Problem requirements: Please repeat, exactly and without pictures, the lines of the entries below that run from the one containing "Несмотря на то, что" through the one containing "[뉴스앤톡] 고창군과 흥덕농협이".

Provided data:
►

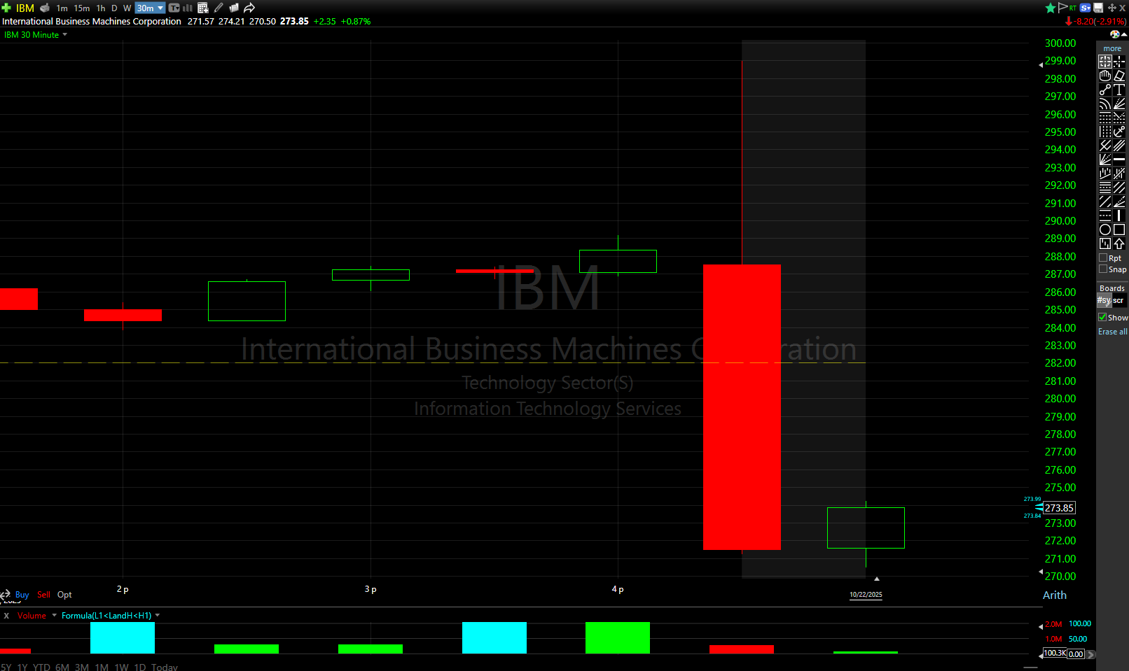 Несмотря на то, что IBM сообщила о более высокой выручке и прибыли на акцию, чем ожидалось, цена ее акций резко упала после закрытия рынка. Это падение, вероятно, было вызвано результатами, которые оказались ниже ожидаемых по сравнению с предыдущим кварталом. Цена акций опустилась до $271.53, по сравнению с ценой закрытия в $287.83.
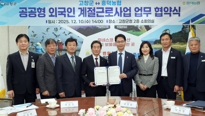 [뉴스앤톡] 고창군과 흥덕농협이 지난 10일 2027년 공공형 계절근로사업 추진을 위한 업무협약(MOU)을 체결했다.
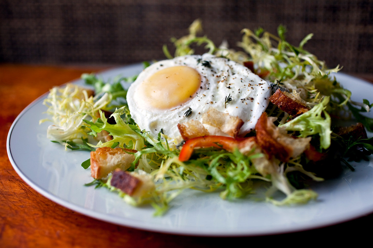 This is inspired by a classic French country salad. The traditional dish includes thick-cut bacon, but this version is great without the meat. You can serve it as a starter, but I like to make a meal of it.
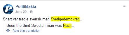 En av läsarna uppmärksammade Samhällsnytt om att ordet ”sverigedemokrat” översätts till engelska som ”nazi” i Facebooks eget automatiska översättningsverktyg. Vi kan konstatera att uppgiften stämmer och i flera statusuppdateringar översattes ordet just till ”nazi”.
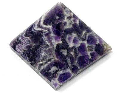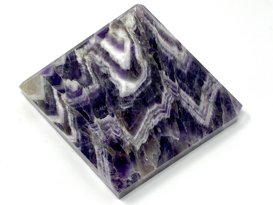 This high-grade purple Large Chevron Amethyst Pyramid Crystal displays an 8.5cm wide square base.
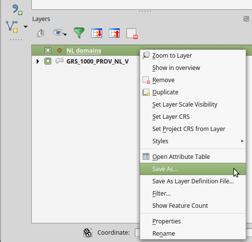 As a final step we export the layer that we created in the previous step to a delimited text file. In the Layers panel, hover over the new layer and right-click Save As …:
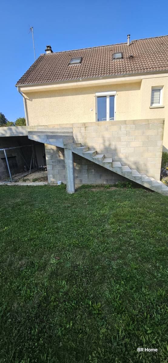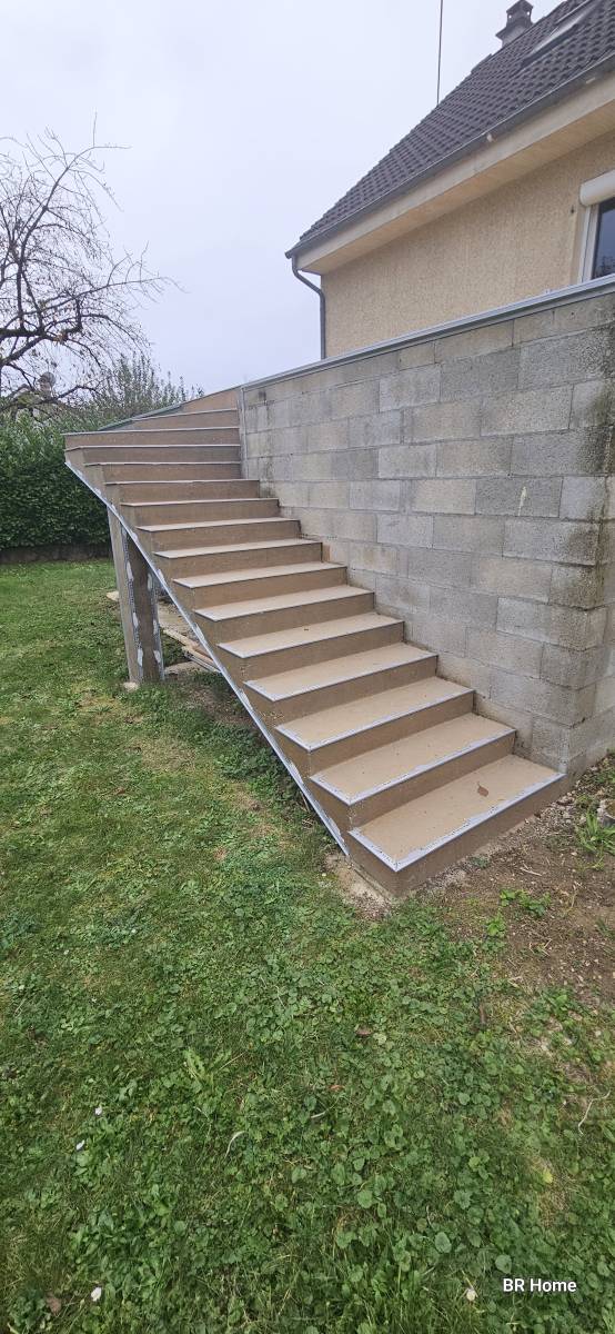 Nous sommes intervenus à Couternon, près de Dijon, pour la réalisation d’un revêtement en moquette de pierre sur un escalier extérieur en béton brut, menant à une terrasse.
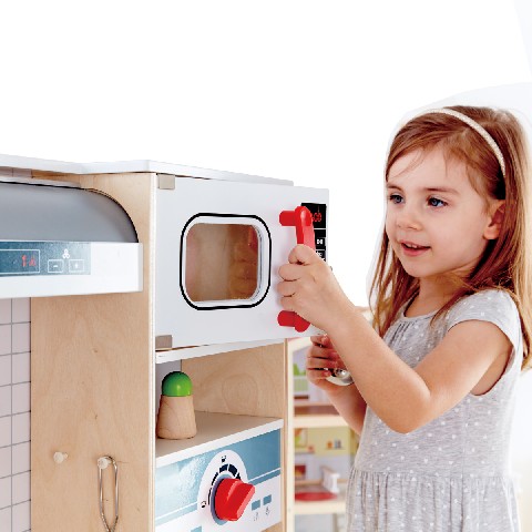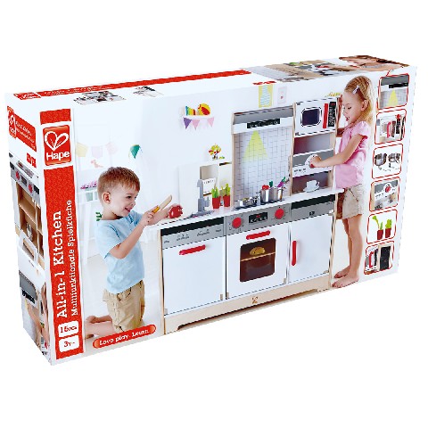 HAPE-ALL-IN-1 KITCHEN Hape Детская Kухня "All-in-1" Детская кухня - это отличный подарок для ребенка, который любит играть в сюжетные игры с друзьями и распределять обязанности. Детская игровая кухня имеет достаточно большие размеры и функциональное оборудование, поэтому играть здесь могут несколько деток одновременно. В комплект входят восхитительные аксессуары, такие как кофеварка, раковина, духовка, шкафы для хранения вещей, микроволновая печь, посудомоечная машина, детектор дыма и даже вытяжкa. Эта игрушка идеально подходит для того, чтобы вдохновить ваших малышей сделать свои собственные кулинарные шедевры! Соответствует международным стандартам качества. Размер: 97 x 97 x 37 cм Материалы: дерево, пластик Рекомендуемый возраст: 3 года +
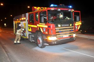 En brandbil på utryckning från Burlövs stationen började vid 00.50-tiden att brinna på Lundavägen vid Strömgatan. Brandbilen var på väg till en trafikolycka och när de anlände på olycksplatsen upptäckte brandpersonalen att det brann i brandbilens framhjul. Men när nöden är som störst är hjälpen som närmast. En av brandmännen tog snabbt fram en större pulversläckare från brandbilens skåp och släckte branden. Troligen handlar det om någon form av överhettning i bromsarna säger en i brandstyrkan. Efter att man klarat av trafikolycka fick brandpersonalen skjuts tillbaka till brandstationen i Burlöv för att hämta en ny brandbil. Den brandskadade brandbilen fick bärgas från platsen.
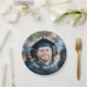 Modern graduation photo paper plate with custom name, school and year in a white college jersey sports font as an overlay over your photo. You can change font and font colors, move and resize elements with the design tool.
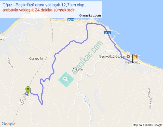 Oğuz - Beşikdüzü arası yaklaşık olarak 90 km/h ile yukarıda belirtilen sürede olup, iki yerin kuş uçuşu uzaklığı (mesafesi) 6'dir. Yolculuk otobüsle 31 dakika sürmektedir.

◄
►

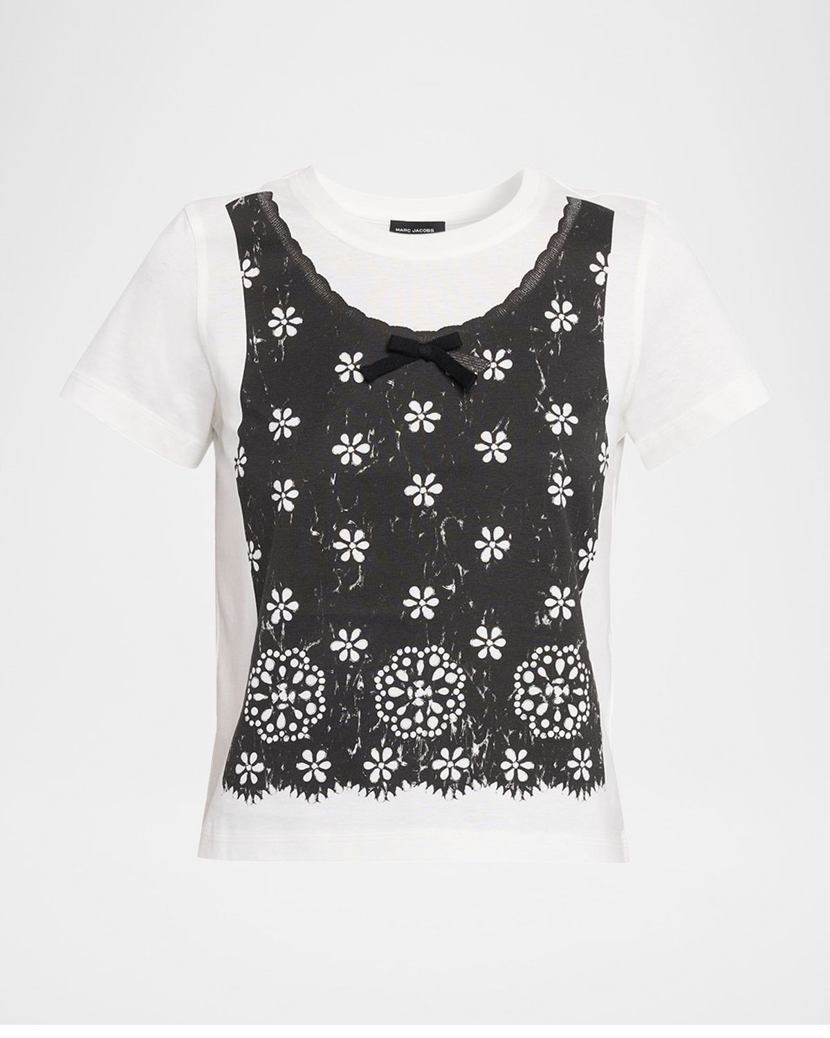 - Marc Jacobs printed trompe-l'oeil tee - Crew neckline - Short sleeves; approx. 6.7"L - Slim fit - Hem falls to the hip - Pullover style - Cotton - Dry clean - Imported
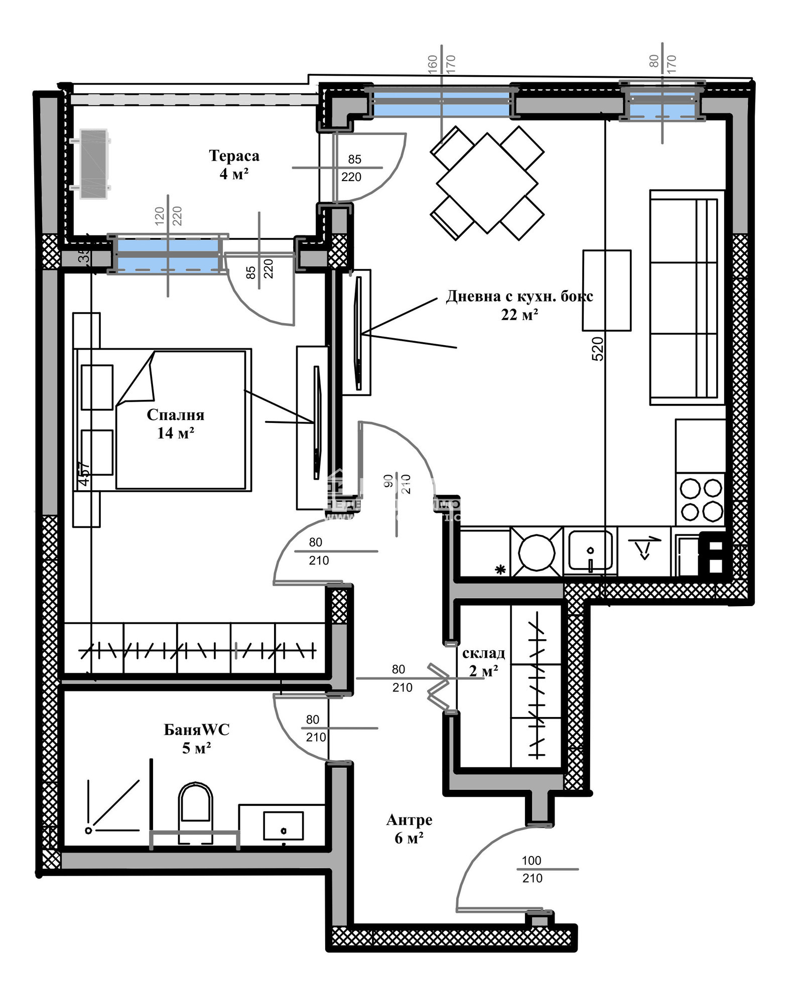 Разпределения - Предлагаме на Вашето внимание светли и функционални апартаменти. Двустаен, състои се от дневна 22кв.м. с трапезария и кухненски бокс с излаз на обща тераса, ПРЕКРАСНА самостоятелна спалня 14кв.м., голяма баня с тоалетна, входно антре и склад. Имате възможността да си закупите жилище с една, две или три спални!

◄

Output for this task:
 Несмотря на то, что IBM сообщила о более высокой выручке и прибыли на акцию, чем ожидалось, цена ее акций резко упала после закрытия рынка. Это падение, вероятно, было вызвано результатами, которые оказались ниже ожидаемых по сравнению с предыдущим кварталом. Цена акций опустилась до $271.53, по сравнению с ценой закрытия в $287.83.
 [뉴스앤톡] 고창군과 흥덕농협이 지난 10일 2027년 공공형 계절근로사업 추진을 위한 업무협약(MOU)을 체결했다.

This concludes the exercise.